### Activity
When you reach the line containing "В2023–2024 гг. с", please repeat it and every line after it exactly, through the end of the listing below, skipping pictures.

### Data supplied
######

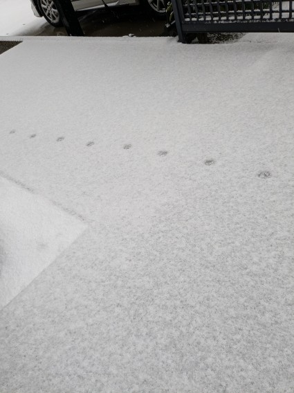 雪が降った朝、玄関アプローチに足跡が点々と・・
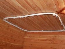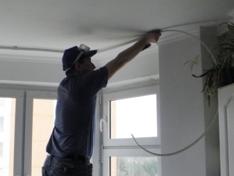 Инсталирането на тези конструкции е лесно да се извърши самостоятелно. Преди да извършите монтажните работи, е необходимо да подготвите мястото, към което ще бъде прикрепен корнизът (таванът трябва да е гладък и чист).
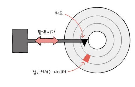 - 탐색 시간 seek time : 데이터가 저장된 트랙까지 헤드를 이동시키는 시간
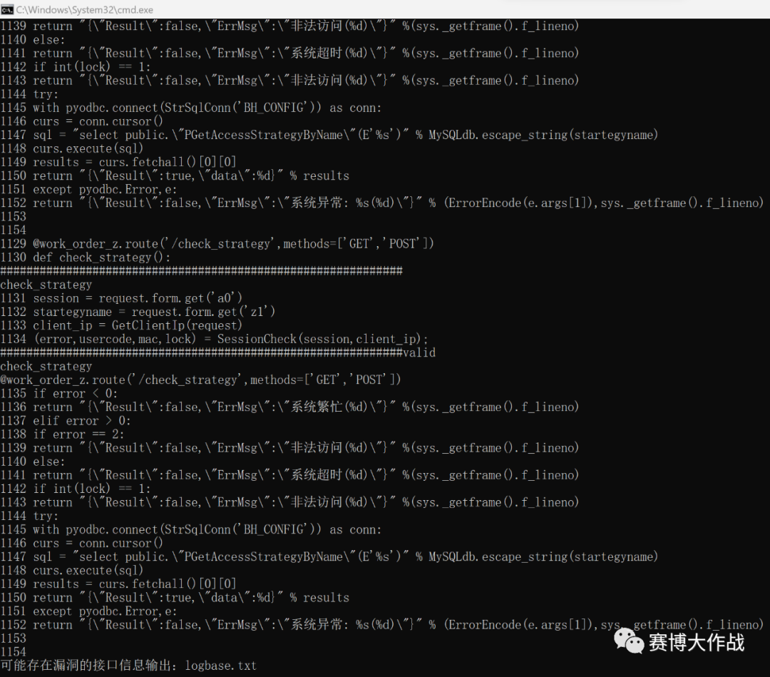 使用自己平时写的静态分析工具进行一波分析,输出可能存在漏洞的接口信息输出:logbase.txt
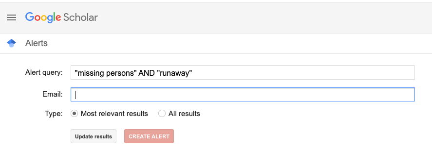 You can also search for more than one phrase at the same time like this: “missing persons” AND “runaway”.
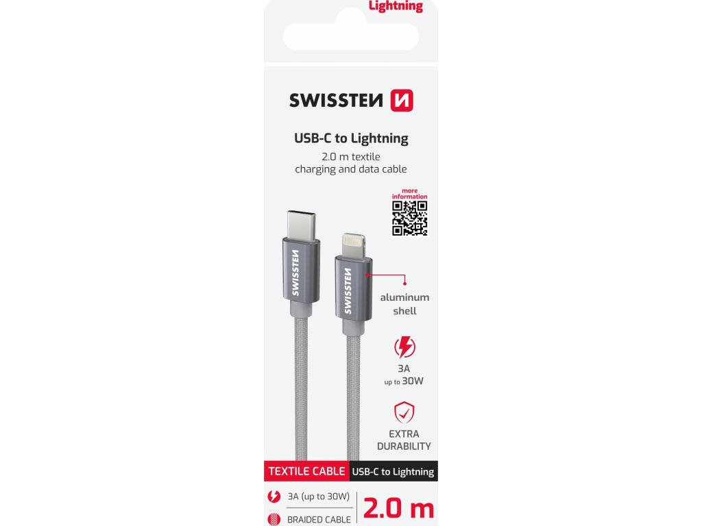 DATOVÝ KABEL SWISSTEN TEXTILE USB-C / LIGHTNING 2,0 M STŘÍBRNÝ
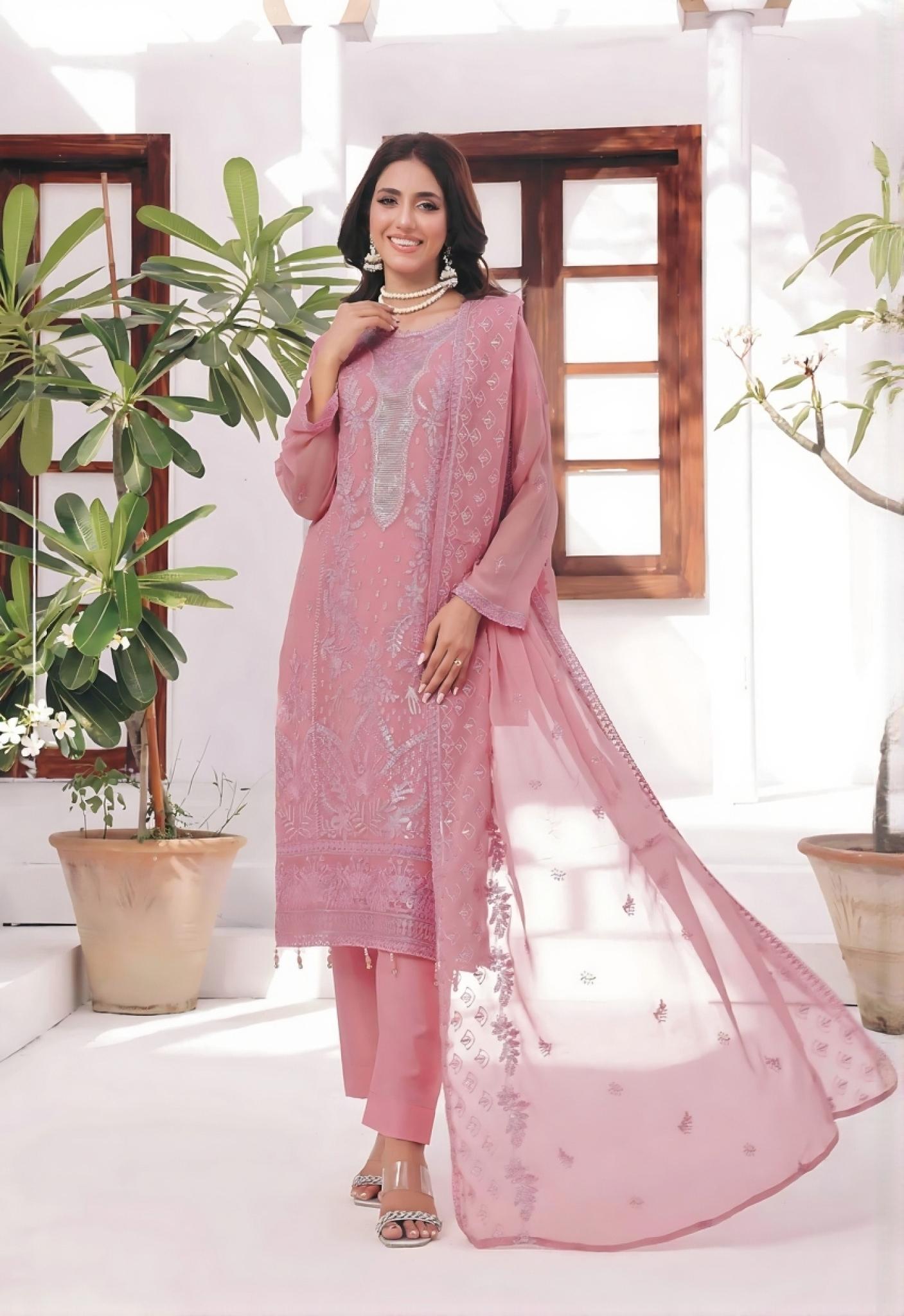 Grace meets elegance in this beautifully embroidered soft pink outfit, designed to add a touch of sophistication to your everyday and festive look. The delicate detailing and flowy dupatta create a graceful, feminine silhouette.
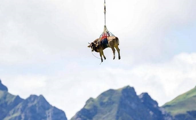 وقال أمبروس أرنولد، وهو أحد الرعاة المشاركين في العملية، لصحيفة "ليماتالير زيتونغ" السويسرية، إن نقل البقرة المصابة بهذه الطريقة كان "اختصارا فعالا".
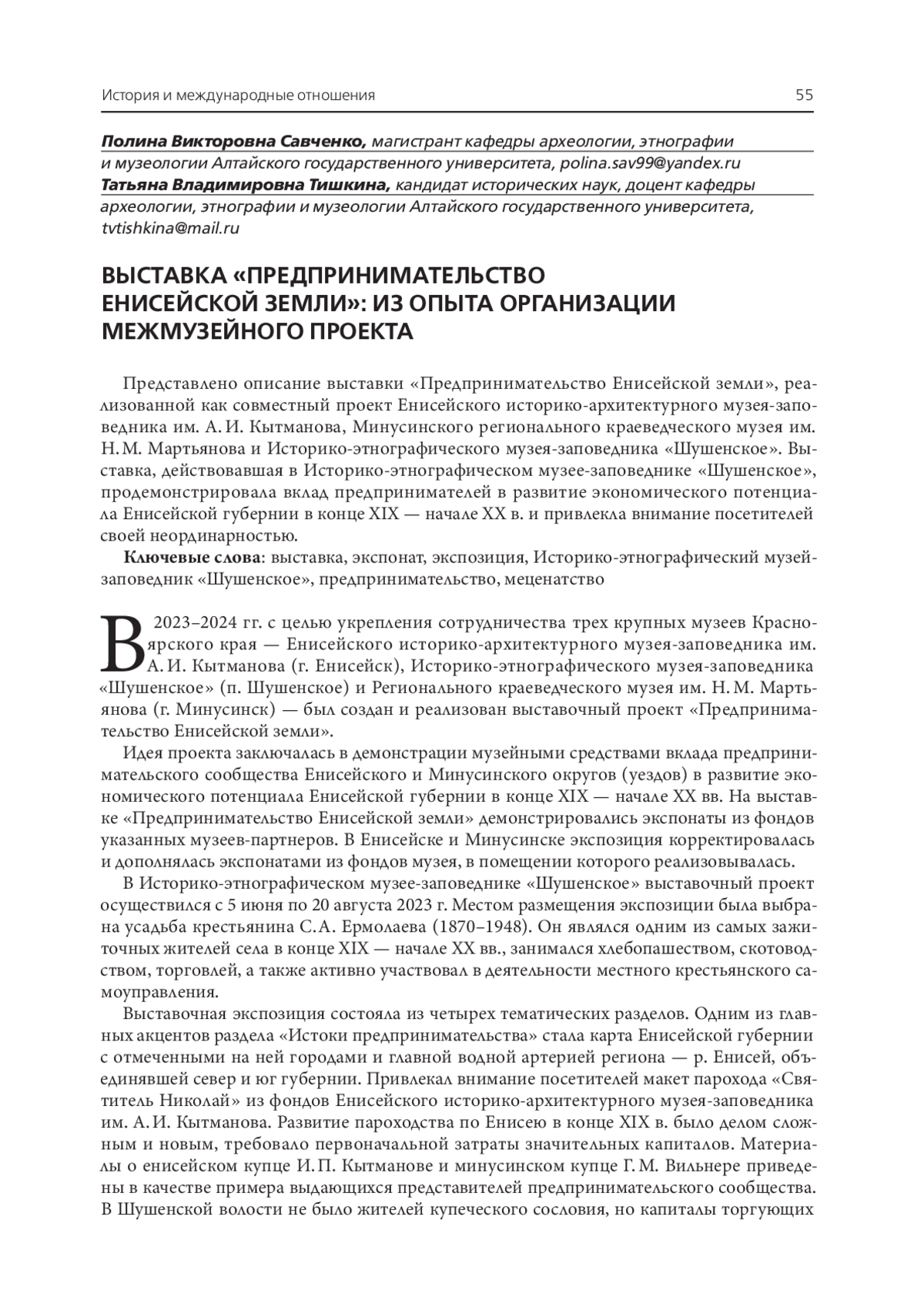 В2023–2024 гг. с целью укрепления сотрудничества трех крупных музеев Красноярского края — Енисейского историко-архитектурного музея-заповедника им. А. И. Кытманова (г. Енисейск), Историко-этнографического музея-заповедника «Шушенское» (п. Шушенское) и Регионального краеведческого музея им. Н. М. Мартьянова (г. Минусинск) — был создан и реализован выставочный проект «Предпринимательство Енисейской земли».
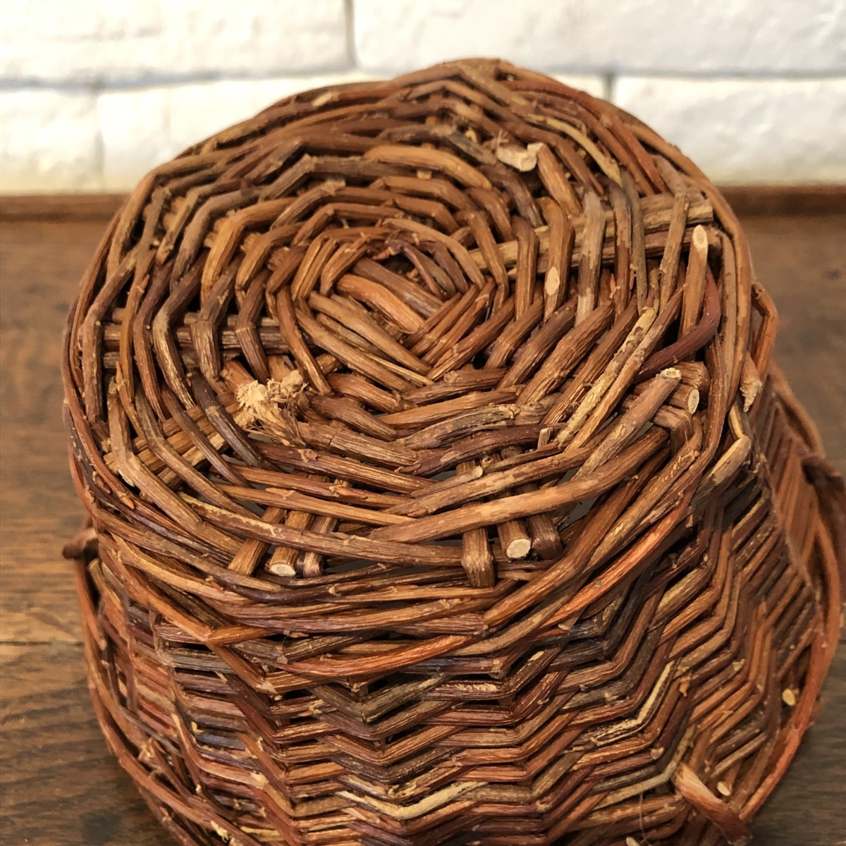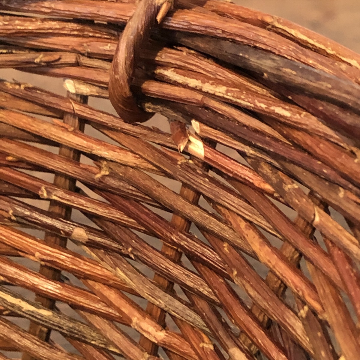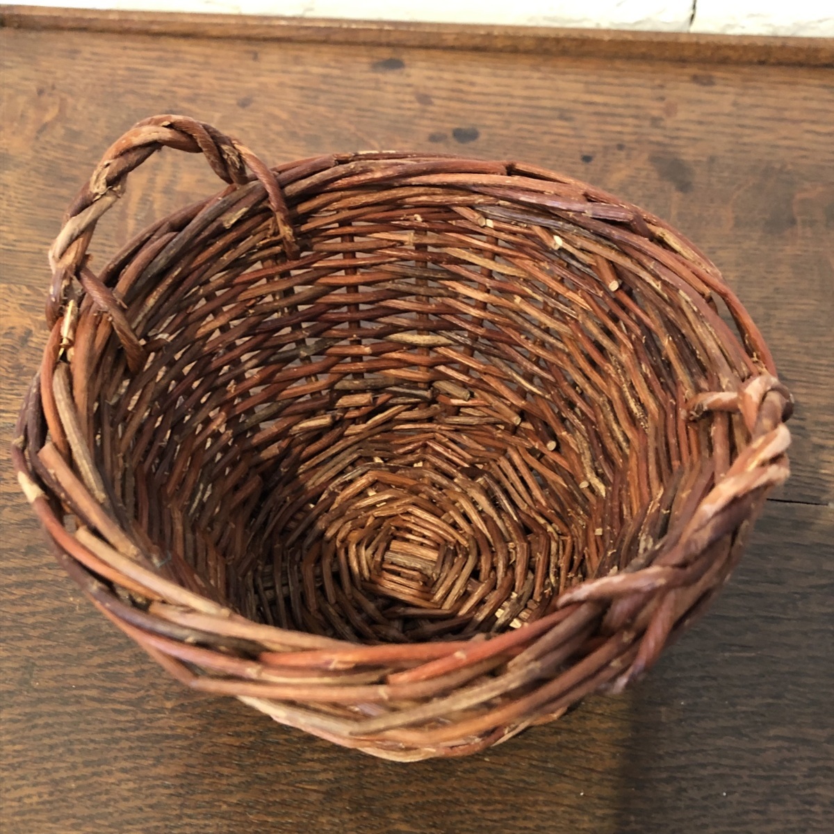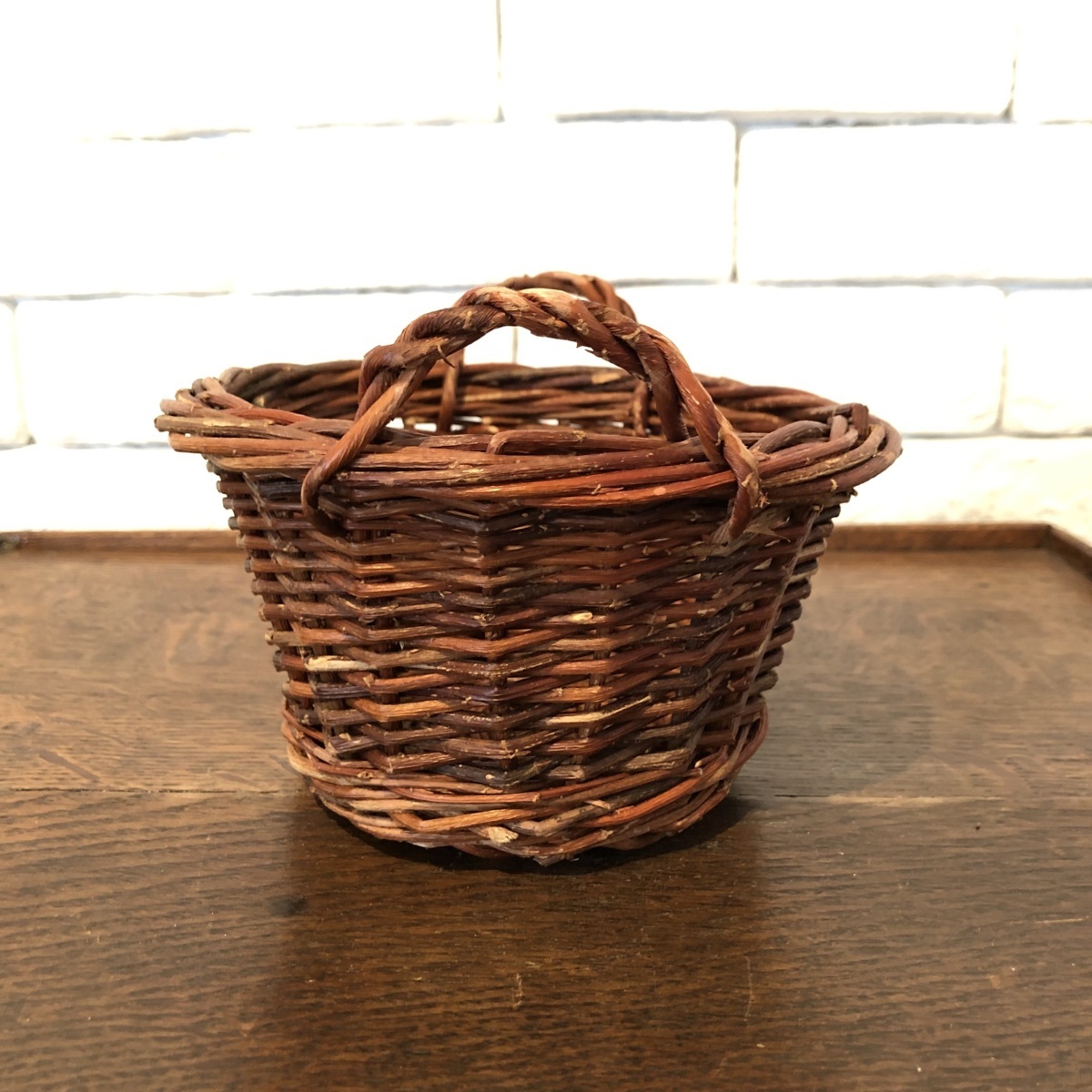 ブラウンカラー、持ち手付き、目の詰まったシッカリとした作りの商品です。

######

### Exercise result
 В2023–2024 гг. с целью укрепления сотрудничества трех крупных музеев Красноярского края — Енисейского историко-архитектурного музея-заповедника им. А. И. Кытманова (г. Енисейск), Историко-этнографического музея-заповедника «Шушенское» (п. Шушенское) и Регионального краеведческого музея им. Н. М. Мартьянова (г. Минусинск) — был создан и реализован выставочный проект «Предпринимательство Енисейской земли».
 ブラウンカラー、持ち手付き、目の詰まったシッカリとした作りの商品です。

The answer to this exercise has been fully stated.